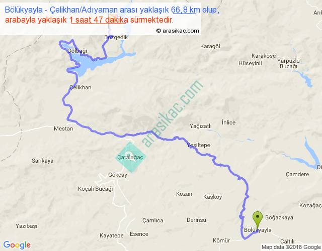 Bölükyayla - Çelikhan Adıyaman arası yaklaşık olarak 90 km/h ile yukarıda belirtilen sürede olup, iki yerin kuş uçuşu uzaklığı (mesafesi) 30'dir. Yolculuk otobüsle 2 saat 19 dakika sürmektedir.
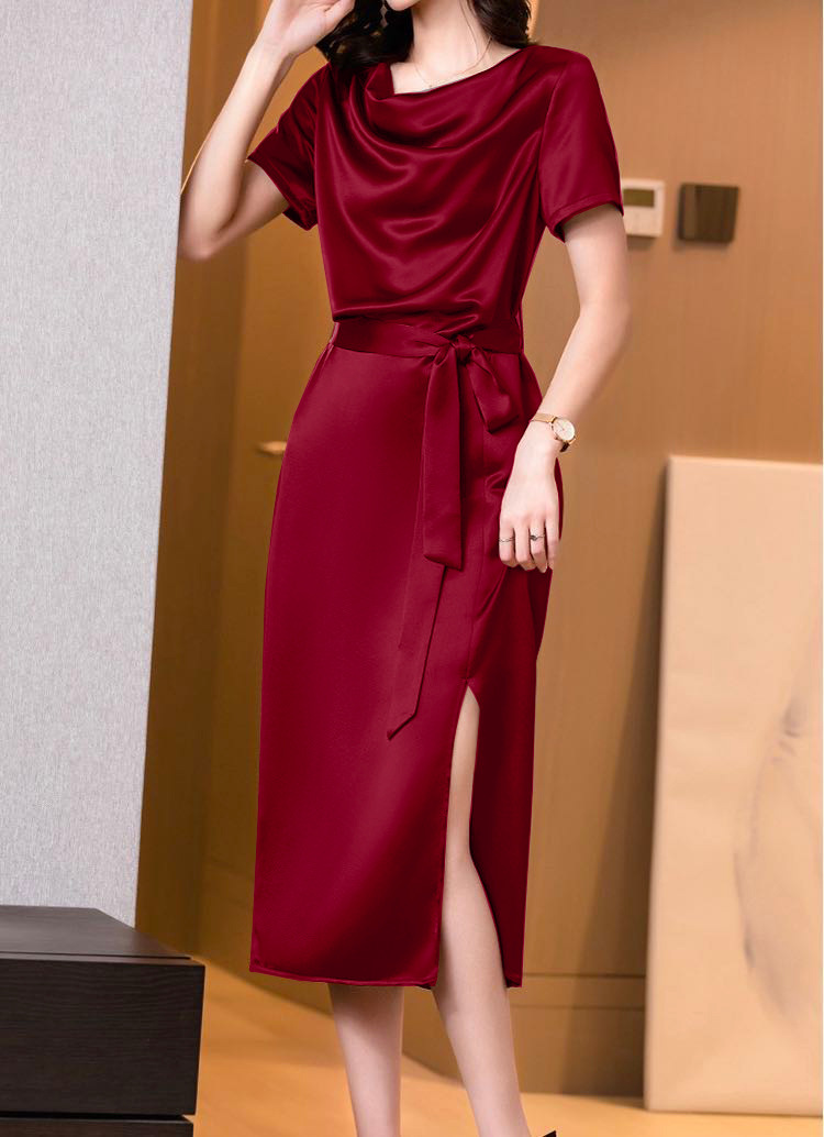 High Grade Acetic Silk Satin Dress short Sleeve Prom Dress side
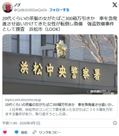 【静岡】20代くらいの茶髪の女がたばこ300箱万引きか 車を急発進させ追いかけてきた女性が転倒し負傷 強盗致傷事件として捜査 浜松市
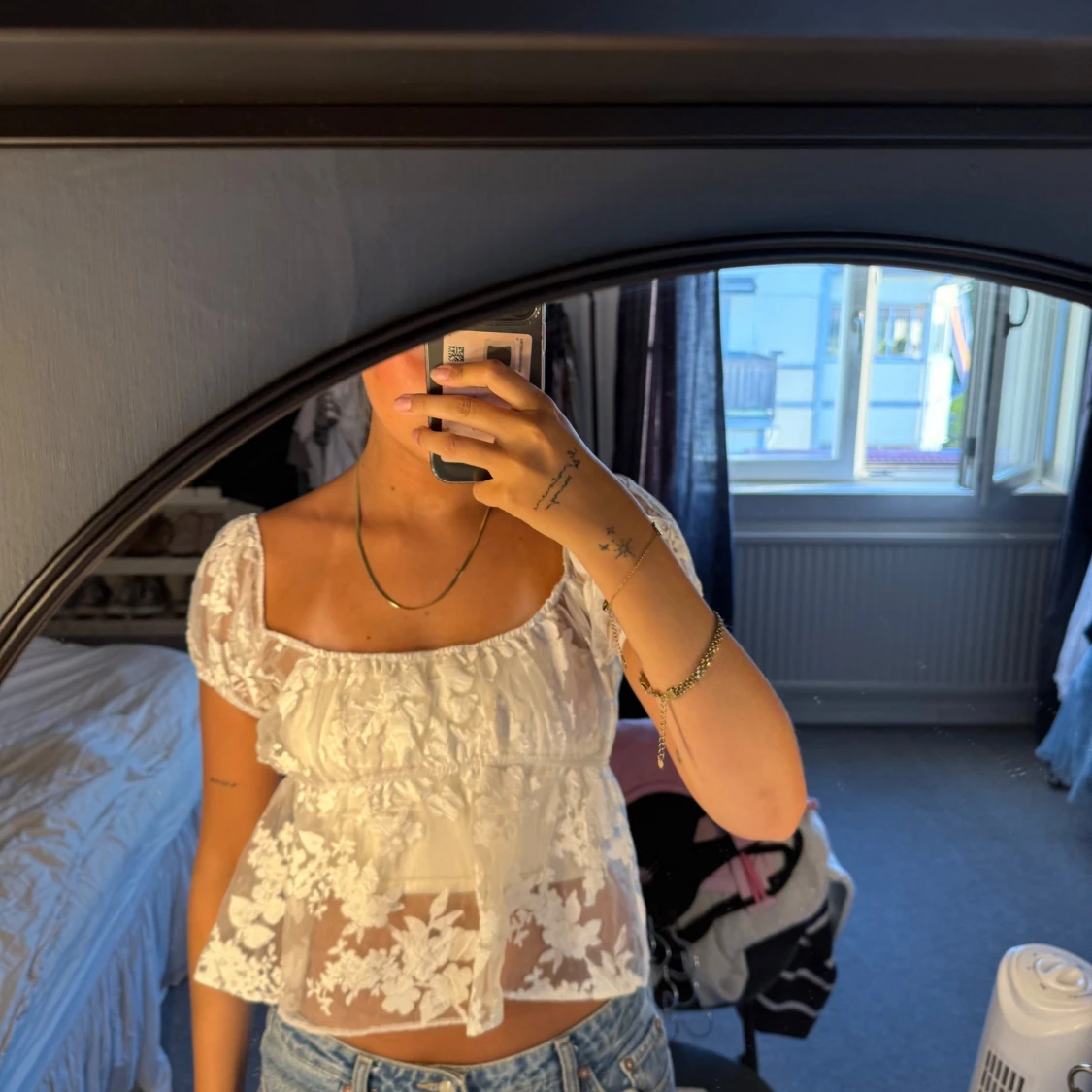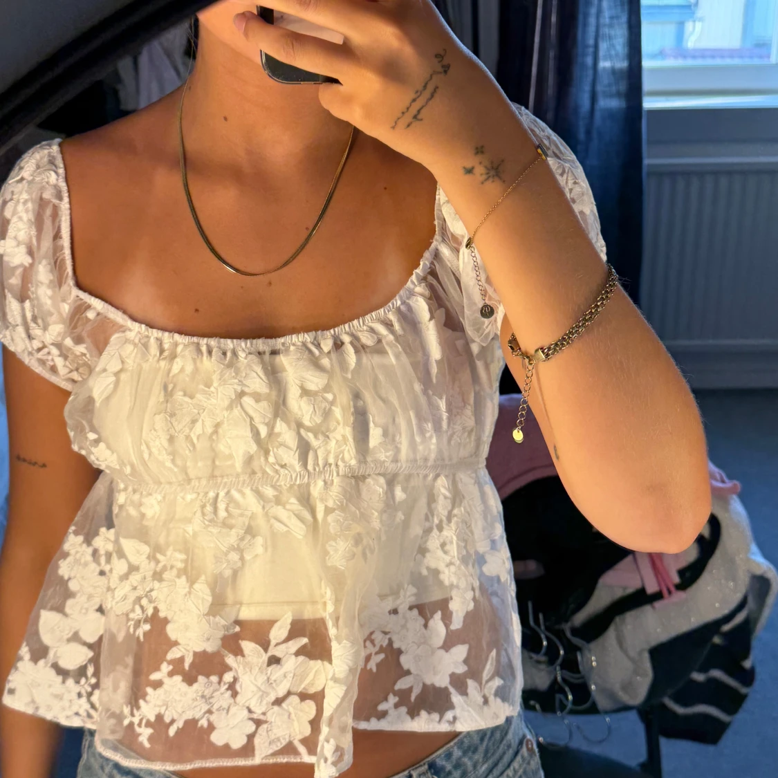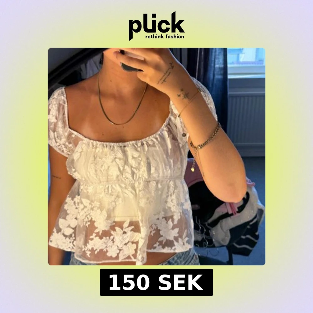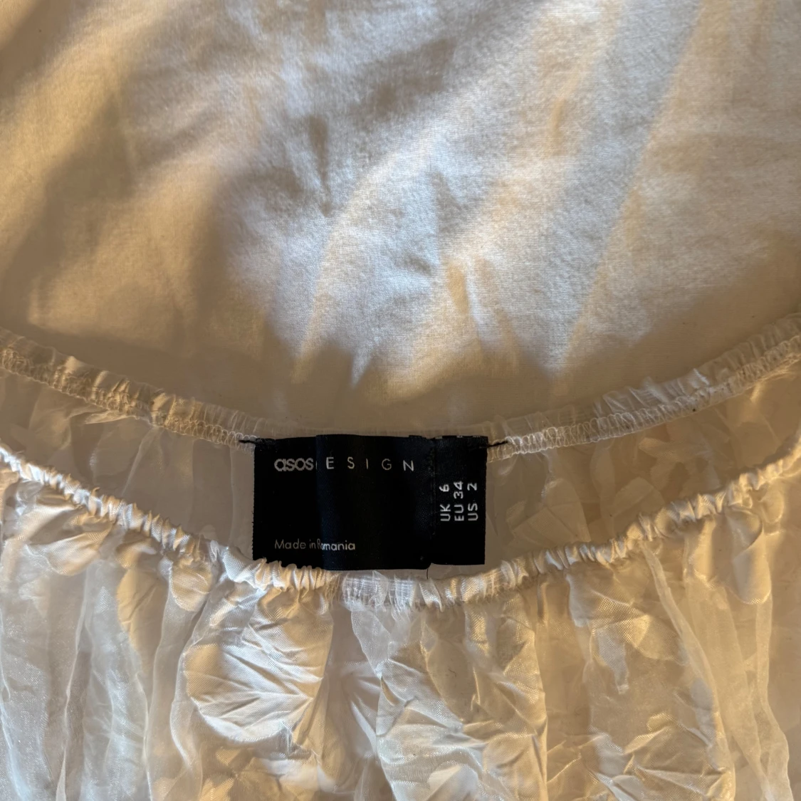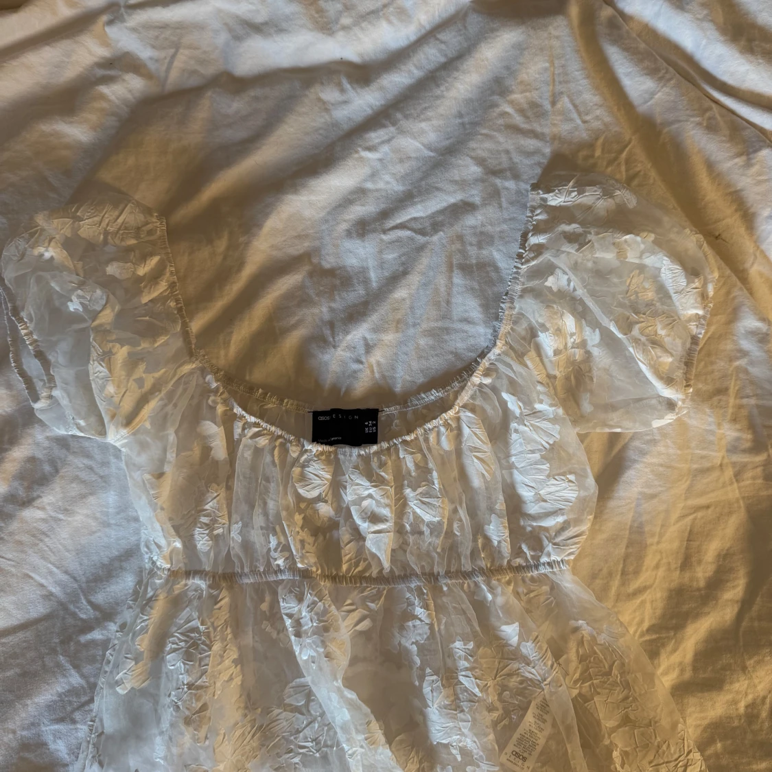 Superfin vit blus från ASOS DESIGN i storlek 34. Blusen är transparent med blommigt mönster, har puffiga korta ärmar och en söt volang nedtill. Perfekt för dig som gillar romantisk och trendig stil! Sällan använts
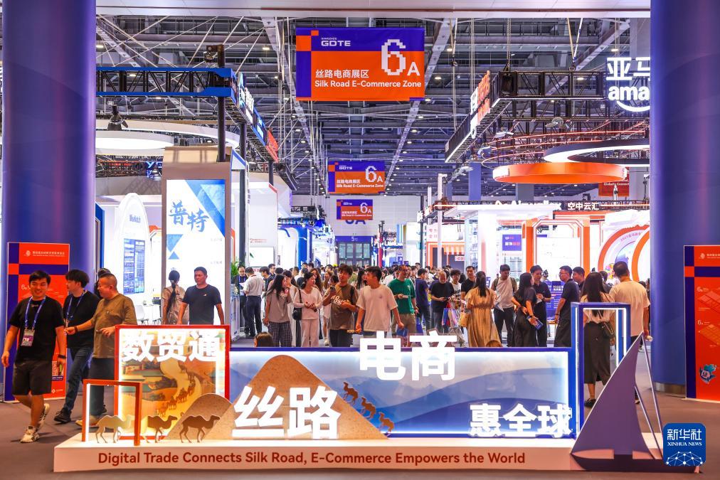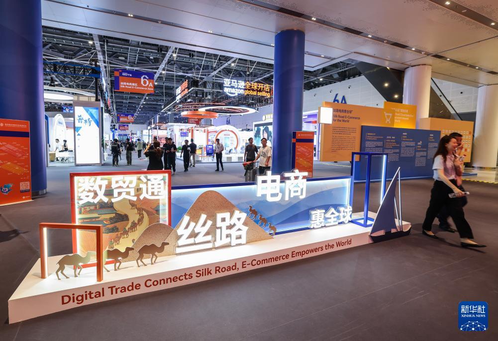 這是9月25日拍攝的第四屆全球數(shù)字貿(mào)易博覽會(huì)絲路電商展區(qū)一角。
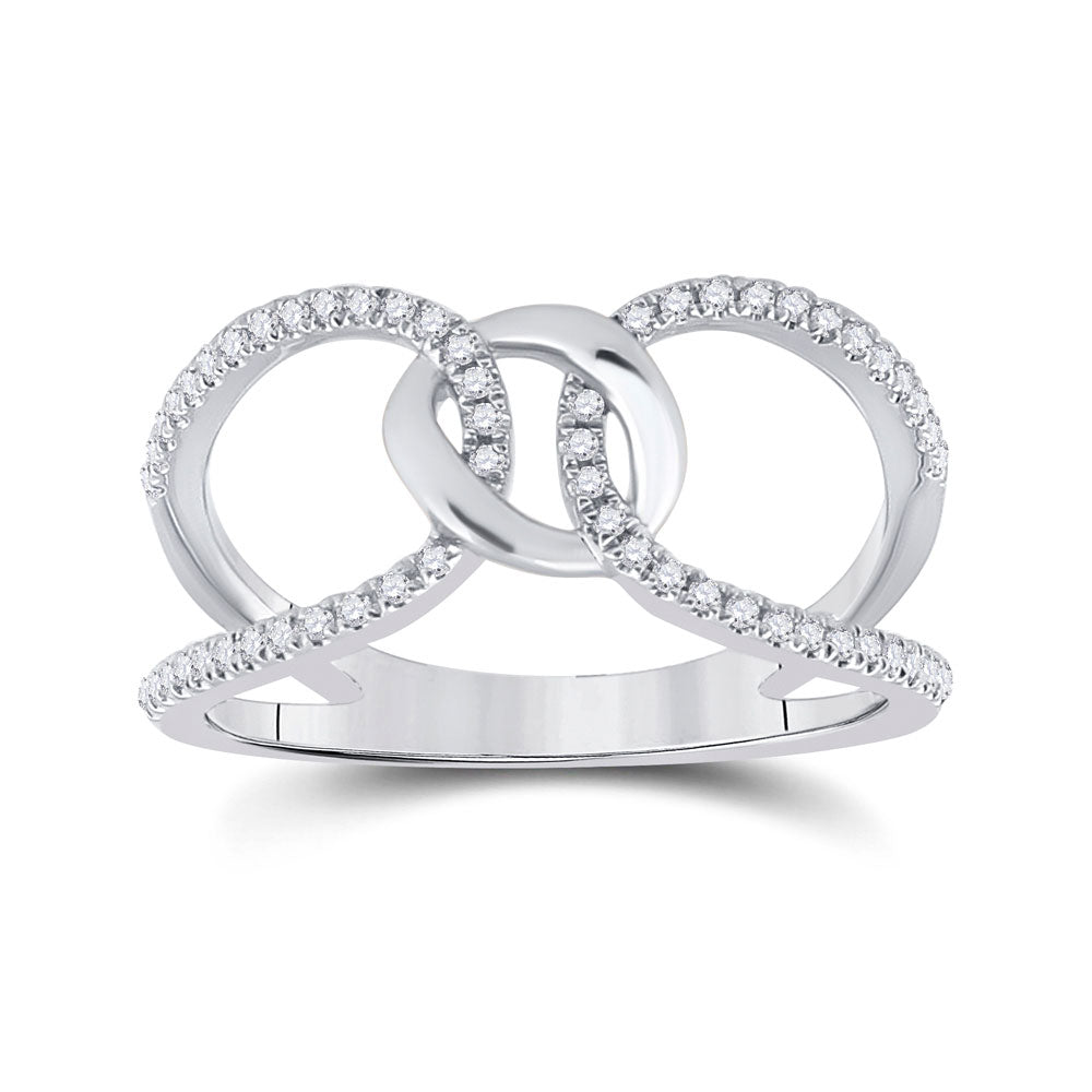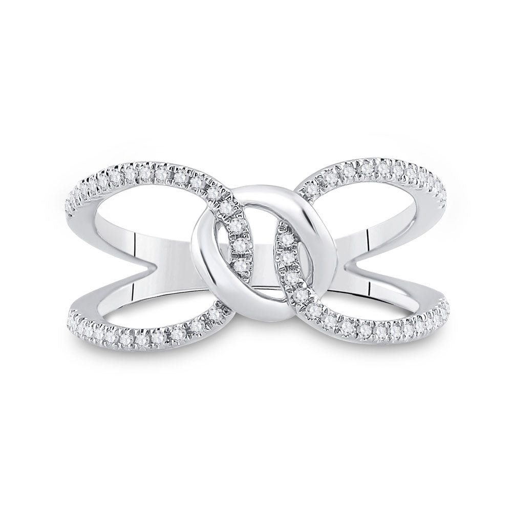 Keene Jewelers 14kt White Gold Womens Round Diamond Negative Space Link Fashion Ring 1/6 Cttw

| INSTRUCTIONS TO FOLLOW |
Please output, exactly and with no pictures, only the lines from the one containing "High Grade Acetic" through the final line of the records above.

| REPLY TO THE TASK |
 High Grade Acetic Silk Satin Dress short Sleeve Prom Dress side
 【静岡】20代くらいの茶髪の女がたばこ300箱万引きか 車を急発進させ追いかけてきた女性が転倒し負傷 強盗致傷事件として捜査 浜松市
 Superfin vit blus från ASOS DESIGN i storlek 34. Blusen är transparent med blommigt mönster, har puffiga korta ärmar och en söt volang nedtill. Perfekt för dig som gillar romantisk och trendig stil! Sällan använts
 這是9月25日拍攝的第四屆全球數(shù)字貿(mào)易博覽會(huì)絲路電商展區(qū)一角。
 Keene Jewelers 14kt White Gold Womens Round Diamond Negative Space Link Fashion Ring 1/6 Cttw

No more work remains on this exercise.